The two men stood in such a way as to block my passage.

I was unarmed and pretty sure that they had backup somewhere.

Now and then Death rears her head in everyone’s life. That was my first true peekaboo of her elegant manifestation in what I came to call the Quiller Case.

“Mr. King Oliver,” a woman’s voice sounded from off to my right.

The words held more than mere content. They also conveyed musicality, depth. But as much information as it held, the voice also hid meaning.

When I turned my head I did not expect to see a gorgeous Black woman. Tall, she was maybe thirty-three looking twenty-six, dark-skinned with a face that was the shape of an inverted egg. Mathilda Prim’s figure was reminiscent of a Playboy bunny of the late sixties — opulent, impossible.

“Ms. Prim?”

“You and Adam can leave, Rudolph,” she said, looking me in the eye.

“Yes, ma’am,” Rudolph replied.

His words contained real civility. That was a surprise.

The muscle left. When I turned back I saw that Minta had also gone.

“Joe would be fine, ma’am,” I said to the lady.

“Yes,” she said. “Of course.”

She glided over to the chair that Minta had abandoned and sat. It was all so terribly elegant.

“Won’t you join me?” she offered.

Back in my chair, I took my first sip of coffee. It was pretty good.

“I was told your given name but I prefer King Oliver, the cornetist who mentored Louis Armstrong.”

She didn’t smile, but there was no tension or hostility to her expression either. She was the mistress of what she surveyed — the deep blue sea and me.

“It’s our true history,” I said after a scant lull.

“What is?”

“Jazz.”

There was the hint of a smile on just her lips.

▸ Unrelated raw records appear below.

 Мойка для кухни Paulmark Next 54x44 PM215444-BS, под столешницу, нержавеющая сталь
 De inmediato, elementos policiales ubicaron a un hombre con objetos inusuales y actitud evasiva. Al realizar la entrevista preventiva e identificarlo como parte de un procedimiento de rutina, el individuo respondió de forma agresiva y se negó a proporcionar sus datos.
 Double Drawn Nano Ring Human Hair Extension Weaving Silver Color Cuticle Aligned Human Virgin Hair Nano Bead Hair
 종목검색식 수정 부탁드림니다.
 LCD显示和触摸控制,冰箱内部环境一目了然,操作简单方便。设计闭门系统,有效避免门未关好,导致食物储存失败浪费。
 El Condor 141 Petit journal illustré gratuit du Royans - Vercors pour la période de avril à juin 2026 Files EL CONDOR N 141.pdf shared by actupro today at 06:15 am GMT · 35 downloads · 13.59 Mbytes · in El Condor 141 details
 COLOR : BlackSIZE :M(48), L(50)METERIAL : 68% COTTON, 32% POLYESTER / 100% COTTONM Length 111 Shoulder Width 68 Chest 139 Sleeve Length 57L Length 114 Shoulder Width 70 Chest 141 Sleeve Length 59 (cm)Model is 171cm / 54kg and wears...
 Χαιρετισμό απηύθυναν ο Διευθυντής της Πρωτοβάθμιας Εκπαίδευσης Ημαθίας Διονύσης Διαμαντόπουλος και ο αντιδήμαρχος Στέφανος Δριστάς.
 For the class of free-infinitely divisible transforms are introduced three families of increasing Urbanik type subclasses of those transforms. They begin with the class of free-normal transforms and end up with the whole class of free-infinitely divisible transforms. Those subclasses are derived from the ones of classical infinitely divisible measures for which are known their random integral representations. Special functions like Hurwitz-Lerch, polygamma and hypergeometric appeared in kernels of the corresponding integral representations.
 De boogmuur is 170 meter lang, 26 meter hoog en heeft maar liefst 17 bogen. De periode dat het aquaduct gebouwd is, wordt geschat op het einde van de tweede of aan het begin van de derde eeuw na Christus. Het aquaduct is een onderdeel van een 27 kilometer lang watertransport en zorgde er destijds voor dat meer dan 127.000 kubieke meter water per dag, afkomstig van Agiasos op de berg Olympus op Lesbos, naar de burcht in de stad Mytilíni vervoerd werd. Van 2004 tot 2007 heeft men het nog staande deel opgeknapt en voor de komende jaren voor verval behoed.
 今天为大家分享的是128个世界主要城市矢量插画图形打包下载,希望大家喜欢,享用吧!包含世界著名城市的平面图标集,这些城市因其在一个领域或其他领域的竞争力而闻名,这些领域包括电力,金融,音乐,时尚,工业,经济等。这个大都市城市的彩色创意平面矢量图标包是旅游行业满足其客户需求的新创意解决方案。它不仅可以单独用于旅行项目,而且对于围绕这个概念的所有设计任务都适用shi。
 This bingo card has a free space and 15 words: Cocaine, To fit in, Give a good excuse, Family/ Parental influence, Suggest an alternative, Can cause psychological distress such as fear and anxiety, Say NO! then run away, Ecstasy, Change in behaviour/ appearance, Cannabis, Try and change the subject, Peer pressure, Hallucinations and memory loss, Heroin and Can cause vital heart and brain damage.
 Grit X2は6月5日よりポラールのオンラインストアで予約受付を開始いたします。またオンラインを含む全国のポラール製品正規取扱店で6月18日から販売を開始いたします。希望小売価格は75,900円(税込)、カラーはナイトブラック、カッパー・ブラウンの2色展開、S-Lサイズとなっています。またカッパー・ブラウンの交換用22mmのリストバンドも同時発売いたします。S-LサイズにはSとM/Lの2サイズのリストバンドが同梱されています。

“Yes,” she agreed. “People here, in this country I mean, give short shrift to the contents of their hearts.”

“Unknown loves that guide their every step.” It felt like I was completing a quote that had never been uttered.

“That’s why they hate themselves,” she continued, gazing toward the interior of the house.

“Are you foreign-born?”

“No, but... it feels like that sometimes.”

For some reason that made me look out on the water. There was a solitary black-sailed boat out there — drifting.

“Do you drink, Mr. King Oliver?”

“I’d take bourbon if you got it.”

I’m not sure what you would have called the room we were in. It was very large and mostly unfurnished, with the exception of the two cast-iron chairs, a small cherrywood card table, and a squat maple cabinet flush against the wall behind me.

Mathilda Prim went to the wall-hugging breakfront cabinet and threw open its curved doors, revealing that it was a bar of sorts. She took out a ceramic decanter with two glasses and poured.

“You don’t take ice, do you?” she asked when placing the two double shots down.

“That little bar of yours doesn’t seem to belong in a big fancy house like this. You’d think there’d be a whole alcove dedicated to hooch.”

“That’s right,” she averred. “You’re a detective, aren’t you?”